#### What to work on
Word for word, give the data again without its pictures.

#### Input

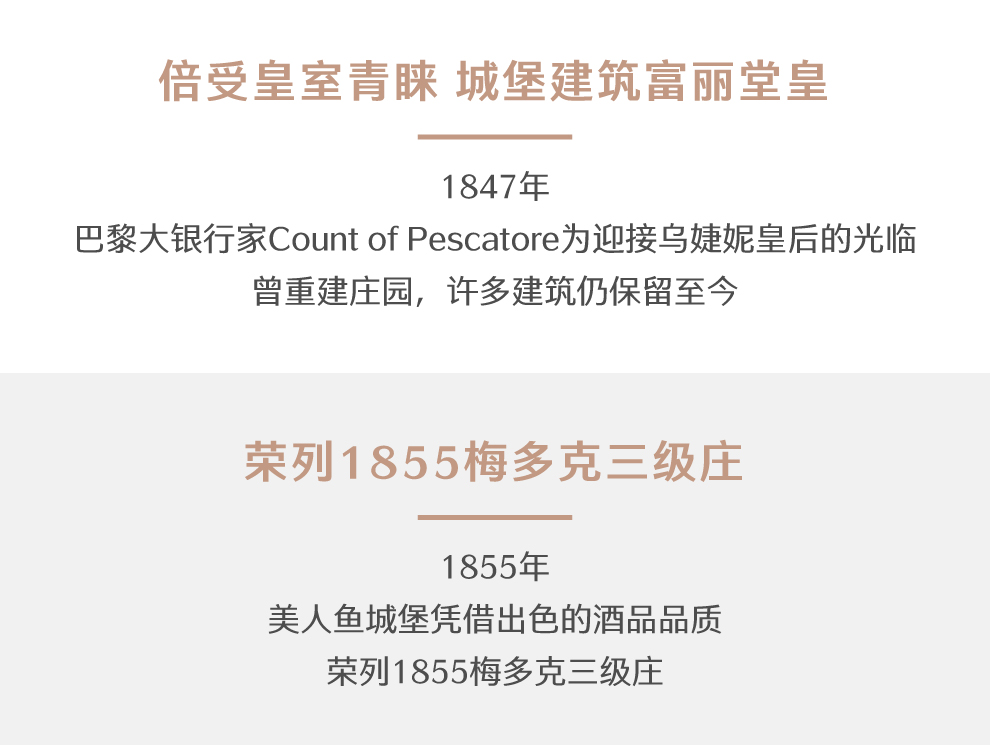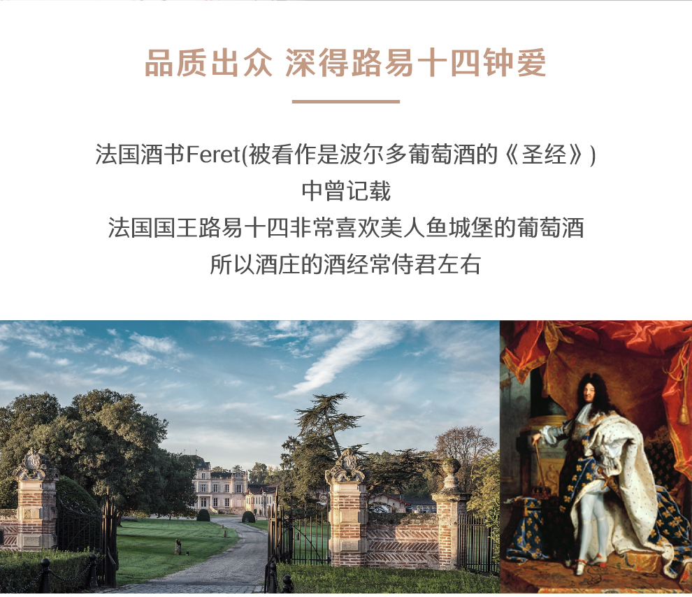 美人鱼城堡是一家历史悠久的酒庄,最早可追溯至1330年。两个世纪后的1552年,该酒庄以1,000英镑的价格卖给了皮埃尔•罗姆(Pierre L‘Homme)。在出售文书上,美人鱼酒庄已标明为一个葡萄园。法国酒书Feret(被看作是波尔多葡萄酒的《圣经》)中曾记载,路易XIV国王非常喜欢美人鱼酒庄的葡萄酒,所以酒庄的酒常侍君左右。又过了两个世纪,酒庄为圣西门(Saint-Simon)家族所有,不过没多久,1789年法国大革命时期酒庄没能逃脱被没收充公的命运。随后酒庄曾多次易主,庄主之一,巴黎大银行家Count of Pescatore为迎接乌婕妮皇后的光临,曾于1847年重建庄园,许多建筑仍保留至今。
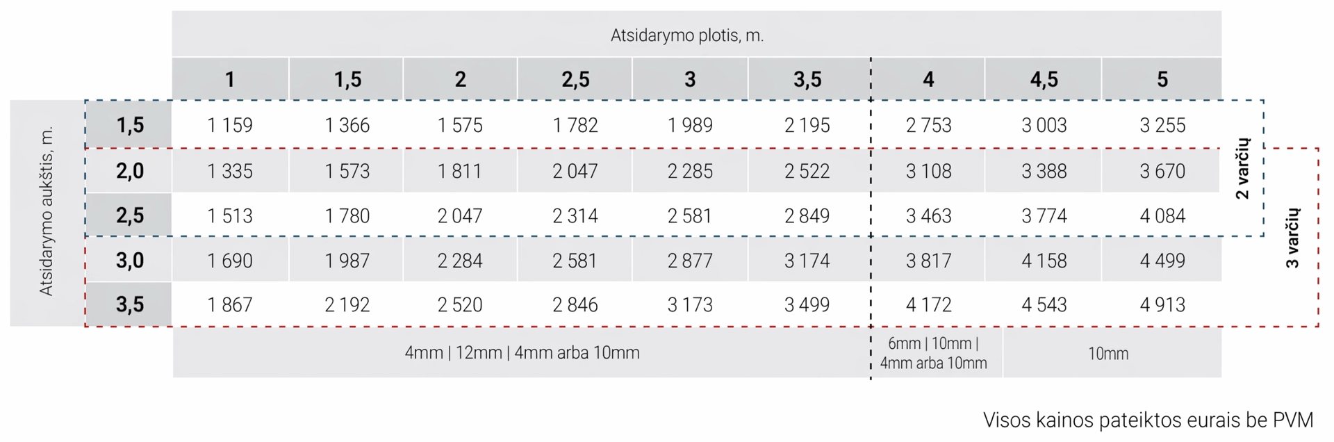 Stiklojuma biezums ir 4 vai 6 mm, bet gaisa kameras platums – 10 vai 12 mm, ar uzlabotām siltumaizsardzības īpašībām (ļoti efektīvs gaisa kondicionēšanai un telpu apsildīšanai). Sistēma nodrošina labu aizsardzību pret vandālismu. Maksimālu redzamību garantē 30 mm augstais horizontālais alumīnija rāmis un tas, ka nav vertikālo statņu. Automātiska vadība nodrošina komfortu un ekspluatācijas ērtumu.
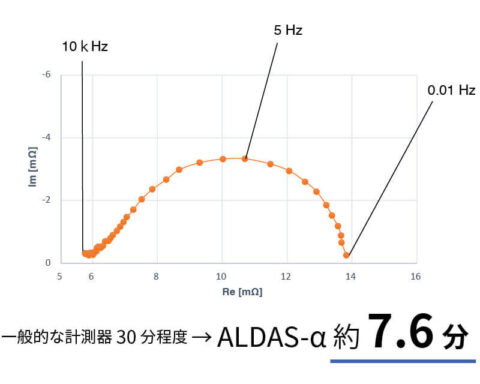 ALDAS-αは、高度なアナログ測定技術と特殊な電流センサー方式を採用しており、kHz帯域から1 Hz以下までの測定バラつきを抑制します。その結果、値のバラつきの少ないナイキストプロットを描き、測定後の解析を簡素化します。
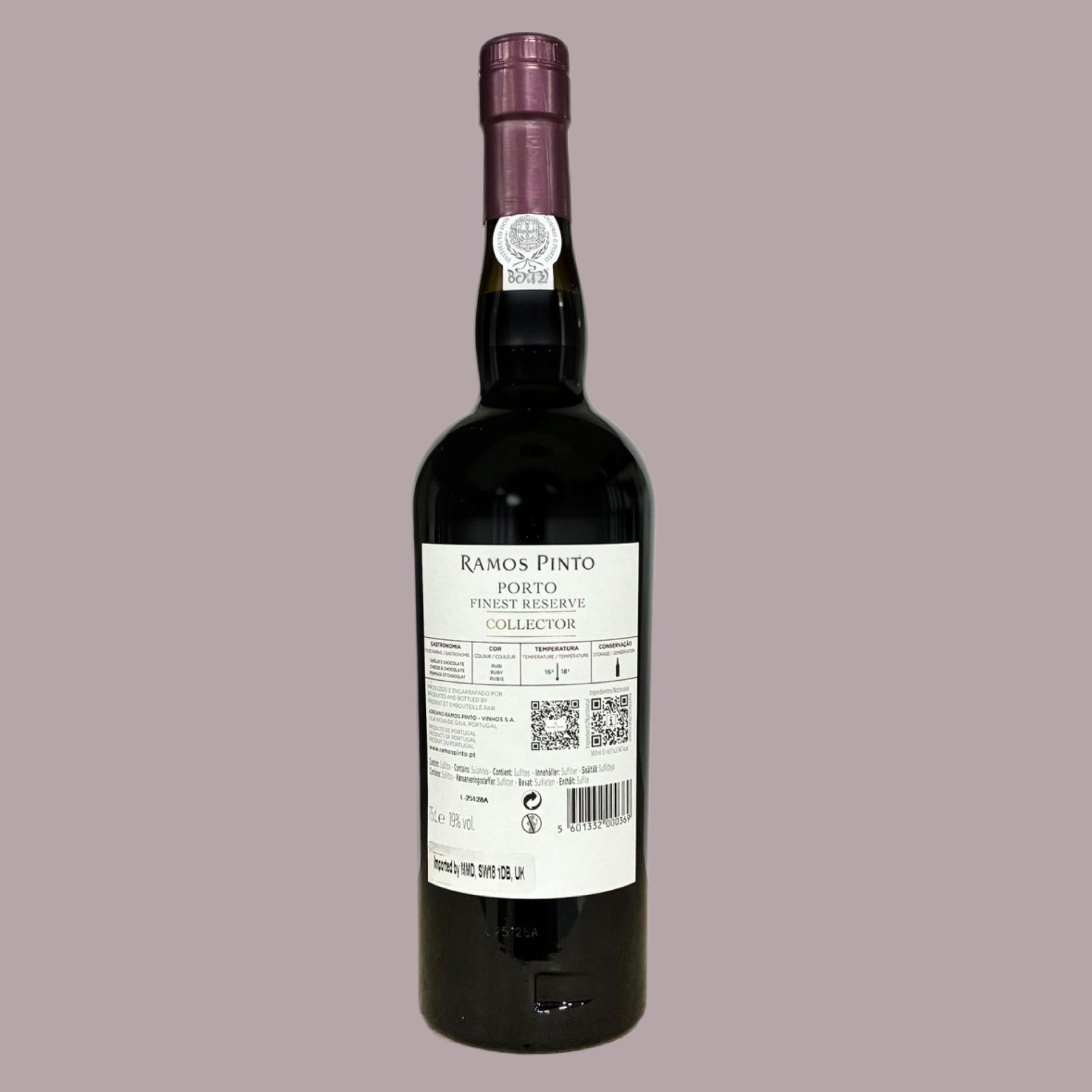 Ramos Pinto Collector Finest Reserve Port shows an intense, opaque red colour and an aromatic profile driven by powerful, ripe fruit — black plum, fig, blackberry, raspberry and cherry. The palate opens smoothly, carrying impressive volume and concentration, while hints of black pepper and dark chocolate shape a persistent, well-balanced finish.
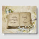 Vintage wedding album with names, feather fountain pen and flowers on textured sepia background
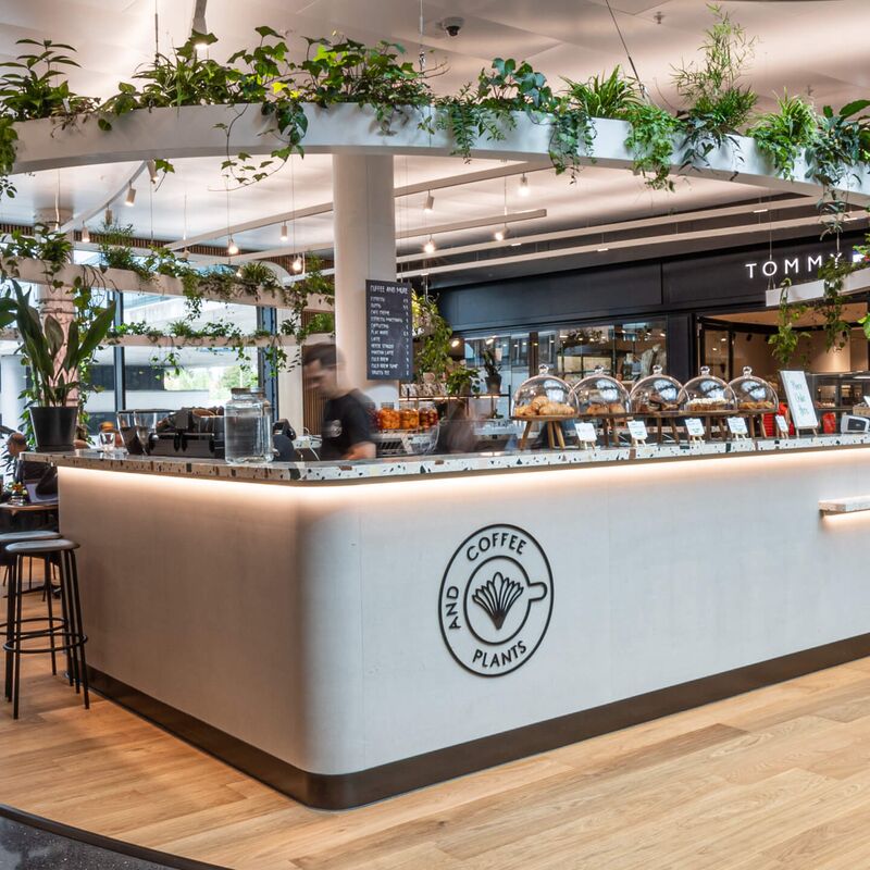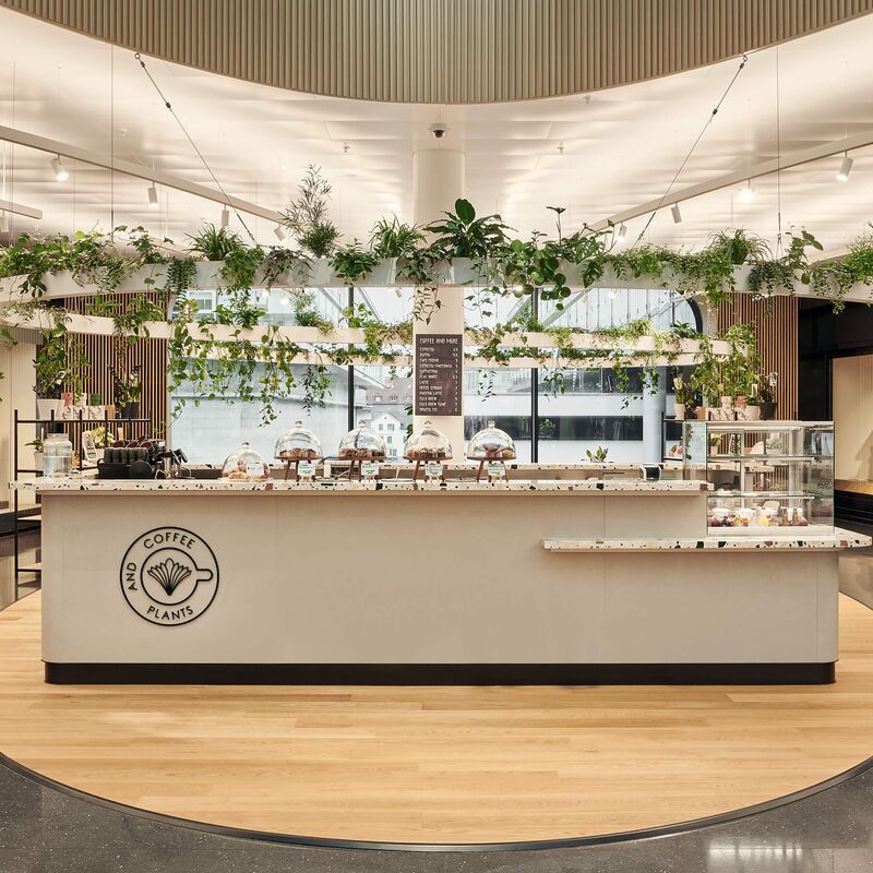 «Coffee and Plants» ist die Kombination aus einer Café Bar und einem Topfpflanzen-Shop. Eine grüne Wohlfühloase im Sihlcity (2. OG), gestaltet mit Pflanzen und Naturmaterialien.

#### Worked solution
 美人鱼城堡是一家历史悠久的酒庄,最早可追溯至1330年。两个世纪后的1552年,该酒庄以1,000英镑的价格卖给了皮埃尔•罗姆(Pierre L‘Homme)。在出售文书上,美人鱼酒庄已标明为一个葡萄园。法国酒书Feret(被看作是波尔多葡萄酒的《圣经》)中曾记载,路易XIV国王非常喜欢美人鱼酒庄的葡萄酒,所以酒庄的酒常侍君左右。又过了两个世纪,酒庄为圣西门(Saint-Simon)家族所有,不过没多久,1789年法国大革命时期酒庄没能逃脱被没收充公的命运。随后酒庄曾多次易主,庄主之一,巴黎大银行家Count of Pescatore为迎接乌婕妮皇后的光临,曾于1847年重建庄园,许多建筑仍保留至今。
 Stiklojuma biezums ir 4 vai 6 mm, bet gaisa kameras platums – 10 vai 12 mm, ar uzlabotām siltumaizsardzības īpašībām (ļoti efektīvs gaisa kondicionēšanai un telpu apsildīšanai). Sistēma nodrošina labu aizsardzību pret vandālismu. Maksimālu redzamību garantē 30 mm augstais horizontālais alumīnija rāmis un tas, ka nav vertikālo statņu. Automātiska vadība nodrošina komfortu un ekspluatācijas ērtumu.
 ALDAS-αは、高度なアナログ測定技術と特殊な電流センサー方式を採用しており、kHz帯域から1 Hz以下までの測定バラつきを抑制します。その結果、値のバラつきの少ないナイキストプロットを描き、測定後の解析を簡素化します。
 Ramos Pinto Collector Finest Reserve Port shows an intense, opaque red colour and an aromatic profile driven by powerful, ripe fruit — black plum, fig, blackberry, raspberry and cherry. The palate opens smoothly, carrying impressive volume and concentration, while hints of black pepper and dark chocolate shape a persistent, well-balanced finish.
 Vintage wedding album with names, feather fountain pen and flowers on textured sepia background
 «Coffee and Plants» ist die Kombination aus einer Café Bar und einem Topfpflanzen-Shop. Eine grüne Wohlfühloase im Sihlcity (2. OG), gestaltet mit Pflanzen und Naturmaterialien.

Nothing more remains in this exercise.